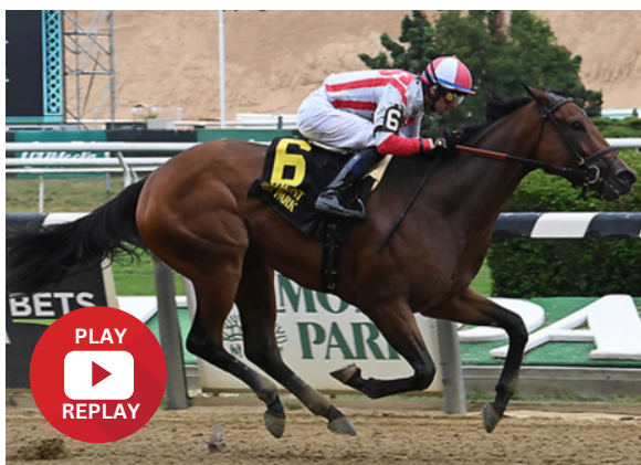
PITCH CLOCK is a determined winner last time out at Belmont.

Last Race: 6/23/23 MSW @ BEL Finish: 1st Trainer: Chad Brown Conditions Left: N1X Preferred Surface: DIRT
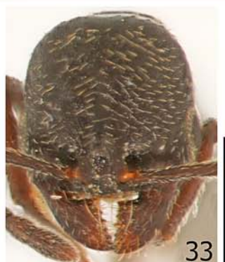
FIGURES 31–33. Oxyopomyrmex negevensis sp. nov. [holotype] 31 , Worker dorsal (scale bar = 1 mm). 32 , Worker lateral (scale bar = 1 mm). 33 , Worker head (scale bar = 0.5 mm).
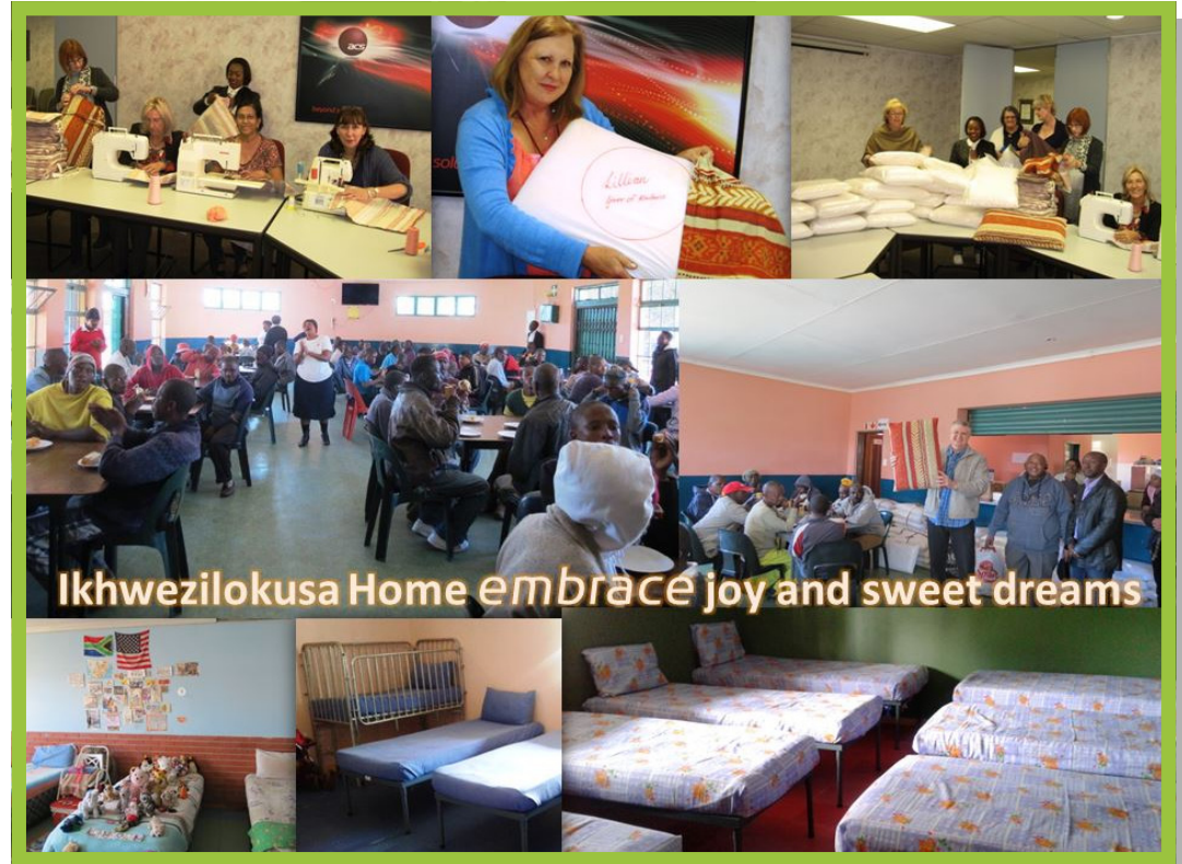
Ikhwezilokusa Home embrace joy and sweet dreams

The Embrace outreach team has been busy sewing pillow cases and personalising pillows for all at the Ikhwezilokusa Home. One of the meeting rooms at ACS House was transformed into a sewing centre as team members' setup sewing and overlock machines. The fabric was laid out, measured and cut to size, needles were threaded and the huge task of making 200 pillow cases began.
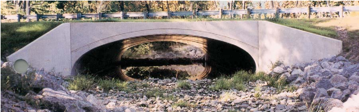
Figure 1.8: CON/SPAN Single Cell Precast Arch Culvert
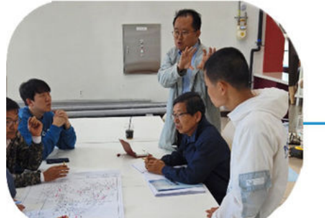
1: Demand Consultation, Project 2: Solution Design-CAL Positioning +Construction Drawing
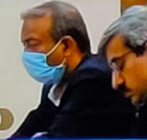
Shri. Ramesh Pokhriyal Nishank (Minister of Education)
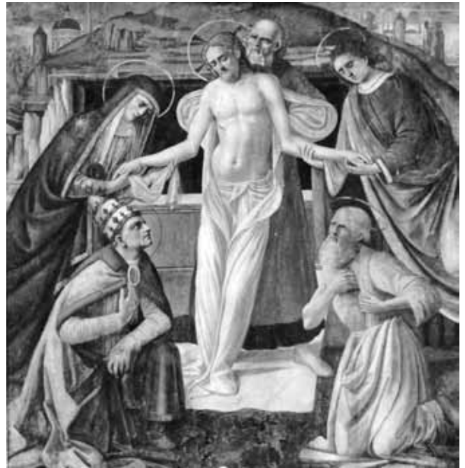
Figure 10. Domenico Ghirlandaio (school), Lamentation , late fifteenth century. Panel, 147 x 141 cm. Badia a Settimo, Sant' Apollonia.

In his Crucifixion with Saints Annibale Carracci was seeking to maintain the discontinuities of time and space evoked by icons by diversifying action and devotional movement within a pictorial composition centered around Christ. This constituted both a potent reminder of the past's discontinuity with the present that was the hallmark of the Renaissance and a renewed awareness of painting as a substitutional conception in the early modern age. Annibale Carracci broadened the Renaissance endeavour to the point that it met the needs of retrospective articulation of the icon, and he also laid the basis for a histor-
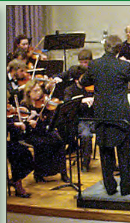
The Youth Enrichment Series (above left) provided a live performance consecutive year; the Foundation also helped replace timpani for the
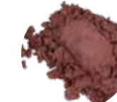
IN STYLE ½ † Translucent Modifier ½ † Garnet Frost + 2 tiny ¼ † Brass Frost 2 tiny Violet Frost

==

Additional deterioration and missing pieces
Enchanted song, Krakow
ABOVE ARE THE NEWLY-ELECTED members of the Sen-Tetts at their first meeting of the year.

==

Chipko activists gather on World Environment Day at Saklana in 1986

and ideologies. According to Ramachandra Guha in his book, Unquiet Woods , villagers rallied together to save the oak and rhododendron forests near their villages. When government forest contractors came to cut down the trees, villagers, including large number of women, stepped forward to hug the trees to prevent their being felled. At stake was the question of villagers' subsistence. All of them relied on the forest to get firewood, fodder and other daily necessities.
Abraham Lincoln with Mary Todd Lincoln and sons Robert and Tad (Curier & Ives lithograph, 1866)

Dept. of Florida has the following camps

▸ EXERCISE REQUIREMENTS: Retype exactly the lines of the data above that fall between the line with "and ideologies. According" and the line with "Dept. of Florida has the following camps", inclusive, and add nothing.

▸ YOUR SOLUTION:
and ideologies. According to Ramachandra Guha in his book, Unquiet Woods , villagers rallied together to save the oak and rhododendron forests near their villages. When government forest contractors came to cut down the trees, villagers, including large number of women, stepped forward to hug the trees to prevent their being felled. At stake was the question of villagers' subsistence. All of them relied on the forest to get firewood, fodder and other daily necessities.
Abraham Lincoln with Mary Todd Lincoln and sons Robert and Tad (Curier & Ives lithograph, 1866)

Dept. of Florida has the following camps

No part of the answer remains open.